Electronic signatures (e-signatures)

  • Elements of an e-signature. The e-signature must contain the signer’s printed name, the date and time of execution, and the meaning associated with the signature. An e-signature should be linked to the respective electronic record.
  • Method of e-signature. Part 11 does not specify a particular method that must be used.
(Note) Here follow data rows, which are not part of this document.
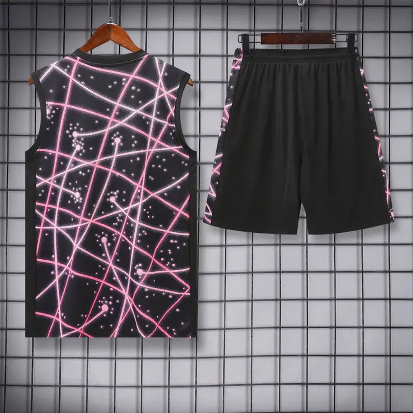 Paris Saint-Germain PSG 25-26 Vest Training Set - Pink Fluorescent Rays Black Vest & Black Shorts
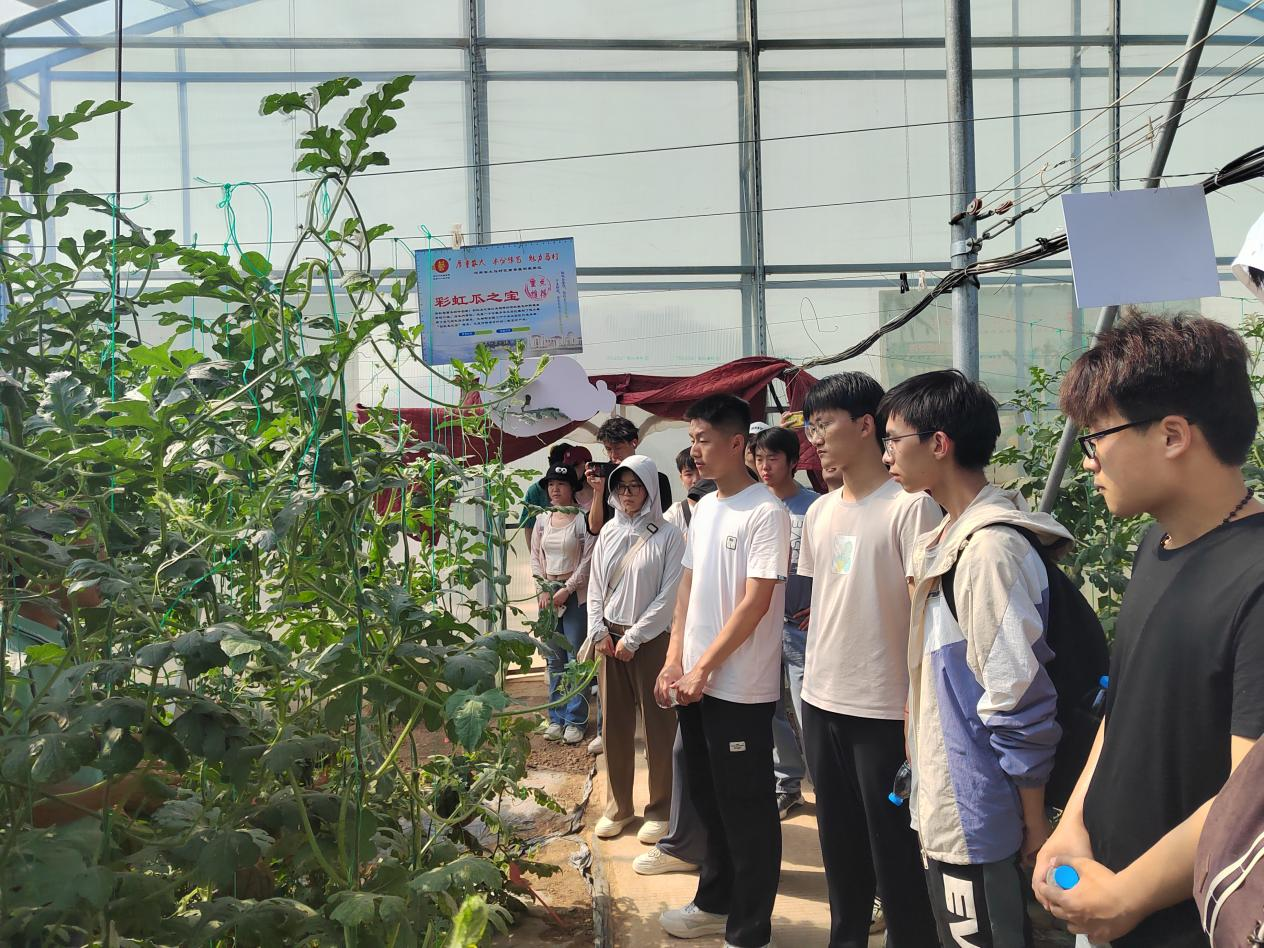 与马村区政府联手打造的优质果蔬科教园区。在园区工作人员的带领下,学生们依次参观了西瓜、辣椒、甜瓜、番茄等特色品种示范区,从形态各异、颜色缤纷的果实,到独特的口感和风味,每一种蔬菜水果都拥有着自己独特的魅力。其品种琳琅满目,产量丰硕喜人,充分展现了现代农业的繁荣与活力。
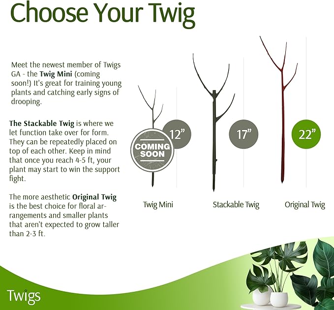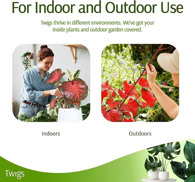 - CONVENIENT PLANT SUPPORT STAKES: Twigs GA Original Twig Plant Stakes provide structure to both indoor and outdoor plants. These plant supports for potted plants deliver convenient support without twist ties or clips, ensuring your plants stay upright and healthy.
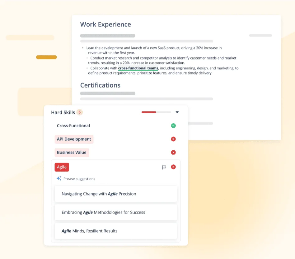 Jobscan. Продвинутый AI-инструмент для оптимизации и анализа резюме под ATS-системы. Предлагает сравнение резюме с вакансией, оптимизацию текста, шаблоны резюме и сопроводительных писем, инструменты для LinkedIn и встроенный трекер заявок. Бесплатный план ограничивает число сканов в месяц до пяти, платный (около 4000 ₽ в месяц) предоставляет неограниченный доступ к функциям.
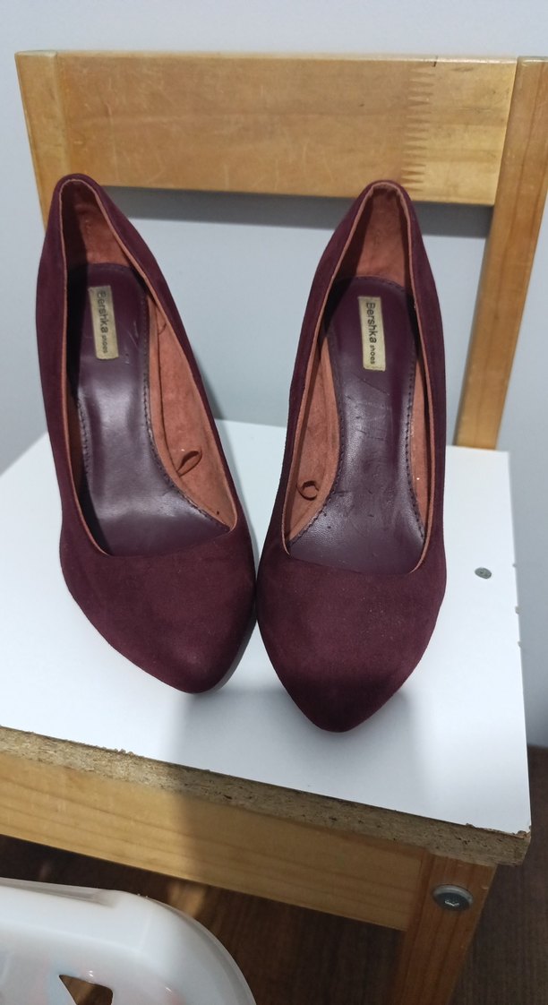 Bordo süet malzemeden yapılmış, minimal bohem stilettolar. Karanlık tonlarda, desen içermeyen romantik gece ayakkabısı. 9 cm topuğu.. çok iyi durumda.

Methods such as computer-readable ID cards, biometrics, digital signatures, and username and password combinations may be acceptable methods.
  • Letters of nonrepudiation. Each e-signature user must send to FDA a letter of nonrepudiation certifying that the e-signature is intended to be the legally binding equivalent of a traditional handwritten signature.

Use of AI in clinical investigations

One topic that was absent from the final guidance was the use of artificial intelligence (AI) in clinical investigations to support compliance with Part 11. Clinical trial sponsors and other regulated entities have begun using AI and machine learning tools to assist in maintaining compliance with Part 11. For example, AI features – such as face or voice recognition – have been implemented to authenticate e-signature users. Machine learning can then be used to detect suspicious activity. In addition, many DHTs may be AI-enabled with embedded algorithms, or AI may be used on the data once collected, such as for cleaning and curation. AI also is used to extract large volumes of real-world data from electronic health records and medical claims.5 To date, FDA has yet to specifically reference how to account for AI, though it remains a regulated entity’s responsibility to ensure compliance with the FDCA and its implementing regulations when incorporating AI into operations, including Part 11.

Notes
  1. In addition, the sponsor must ensure that any foreign study used to support an IND complies with 21 CFR 312.120.
  2. “Regulated entities,” as used in the final guidance, refers to sponsors, CROs, clinical investigators and IRBs, to the extent they are responsible for regulatory obligations under a predicate rule to which the recommendations in the guidance pertain. “Predicate rule” refers to any requirements set forth in the Federal Food, Drug, and Cosmetic Act (FDCA), the Public Health Service Act (PHSA) and FDA regulations other than Part 11.
  3. FDA released a final guidance document in December 2023 on the use of DHTs for remote data acquisitions in clinical investigations.
  4. For purposes of the guidance, “data originator” means “each data element is associated with an origination type that identifies the source of its capture in the eCRF [electronic case report form]. This could be a person, a computer system, a device, or an instrument that is authorized to enter, change, or transmit data elements into the eCRF (also sometimes known as an author).” FDA, Guidance for Industry, Electronic Source Data in Clinical Investigations, September 2013.
  5. In July 2024, FDA released a final guidance document on use of real-world data gathered from electronic health records and medical claims data to support regulatory decision-making for drug and biological products.